Here’s how that trick is accomplished rhetorically. In the Background section (and in one or two other places), the document includes this language to legally justify throwing US person data into big databases to be data mined. It starts by laying out NCTC’s data mandate:

[NCTC] shall “serve as the primary organization in the United States for analyzing and integrating all intelligence possessed or acquired by the United States Government pertaining to terrorism and counterterrorism, excepting intelligence pertaining exclusively to domestic terrorists and domestic counterterrorism.

It blathers on about how NCTC also has the responsibility to request information and pass it on. This is the legal language they’re going to translate to mean the opposite of what it says.

Jumping ahead a bit, the guidelines acknowledges that NCTC is only supposed to have access, if needed, to domestic terrorism information.

In the National Security Act of 1947, as amended, Congress recognized that NCTC must have access to a broader range of information than it has primary authority to analyze and integrate if it is to achieve its missions. The Act thus provides that NCTC “may, … receive intelligence pertaining exclusively to domestic terrorism from any Federal, State, or local government or other source necessary to fulfill its responsibility and retain and disseminate intelligence.” [my emphasis]

See that? It can have all the foreign terrorism information, and then if it needs to, it can have the domestic terrorism information.

Now, going back a few lines, it takes this authority–“pertaining exclusively to domestic terrorism”–and uses it to get … everything.

NCTC’s analytic and integration efforts … at times require it to access and review datasets that are identified as including non-terrorism information in order to identify and obtain “terrorism information,” as defined in section 1016 of the Intelligence Reform and Terrorism Prevention Act (IRTPA) of 2004, as amended. “Non-terrorism information” for purposes of these Guidelines includes information pertaining exclusively to domestic terrorism, as well as information maintained by other executive departments and agencies that has not been identified as “terrorism information” as defined by IRTPA. [my emphasis]

Note that bolded section is not a citation from existing law. It is, instead, NCTC turning NCTC’s authority to sometimes get domestic terrorism information into authority to get any dataset maintained by any executive agency that NCTC believes might include some information that might be terrorism information.

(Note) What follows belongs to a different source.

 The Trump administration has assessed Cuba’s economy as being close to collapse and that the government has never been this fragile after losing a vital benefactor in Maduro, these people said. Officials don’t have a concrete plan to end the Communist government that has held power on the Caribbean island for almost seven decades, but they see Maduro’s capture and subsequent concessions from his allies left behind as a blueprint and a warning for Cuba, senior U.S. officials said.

Those of us in the US Government’s tax, social security, HHS, immigration, military, and other federal databases? We’ve all, by bureaucratic magic, been turned into domestic terrorists.

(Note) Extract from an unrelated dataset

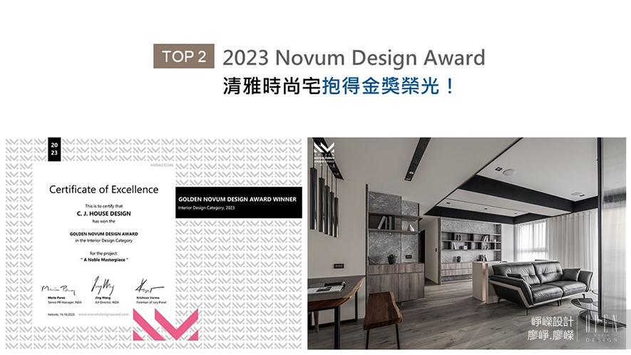 法國Novum Design Award倚著國際設計大賽後起之秀的姿態,廣納10大創意領域,包括建築外觀、室內空間設計和城市景觀設計等,為全球優秀設計者提供嶄新的展演舞台。廖崢、廖嶸設計師以純白漆與黑滾邊化解橫梁量體感,並藉廊道上方的玄色燈溝展現時光流動的意象,滿盈抽象之美的作品《墨白‧縱橫》,奪下2023 Novum Design Award「金獎」榮譽,盡展品牌美學底蘊!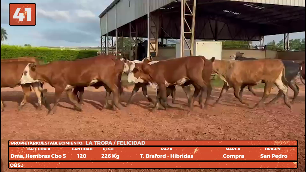 HEMBRAS DE BUENA ESTRUCTURA, PAREJAS EN CALIDAD Y ESTADO, EN SU MAYORIA TIPO BRAFORD, PRODUCTO DE MONTA NATURAL CON TOROS BRAFORD REGISTRADOS.

Now, NCTC seems to understand what a grasp this is, so it deploys one more rhetorical effort, this time noting that the Director of National Intelligence–to whom NCTC reports–also gets access to all national security intelligence.

[The National Security Act] provides that “[u]nless otherwise directed by the President, the Director of National Intelligence shall have access to all national intelligence and intelligence related to hte national security which is collected by any federal department, agency, or other entity…”

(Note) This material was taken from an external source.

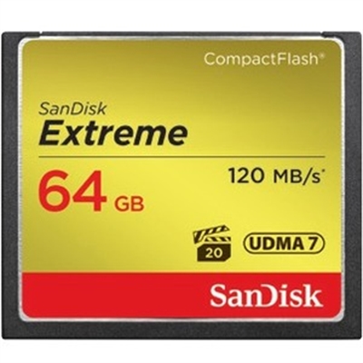Extreme CompactFlash Memory Card – 64GB. Ideal for use with mid-range to high-end DSLR cameras and HD camcorders, the SanDisk Extreme CompactFlash Memory Card delivers first-rate read/write speeds to catch fast action shots and enable quick file transfers. This memory card features Video Performance Guarantee (VPG-20) to deliver a minimum sustained recording data rate of 20MB/s3 to support high-quality Full HD video (1080p) 4 recording. Take advantage of burst-mode photography with the card’s write speeds of up to 85MB/s1 (567X) and enjoy efficient workflow with its transfer speeds up to 120MB/s2. With capacities up to 128GB5, this memory card provides plenty of storage for Full HD videos and RAW photos.

So in addition to all of us in government databases–that is, all of us–being deemed domestic terrorists, the data the government keeps to track our travel, our taxes, our benefits, our identity? It just got transformed from bureaucratic data into national security intelligence.

We are all, now, first and foremost potential terrorists now. Only after NCTC destroys our data in five years (if they don’t find some excuse to keep it before then) will we become citizens again.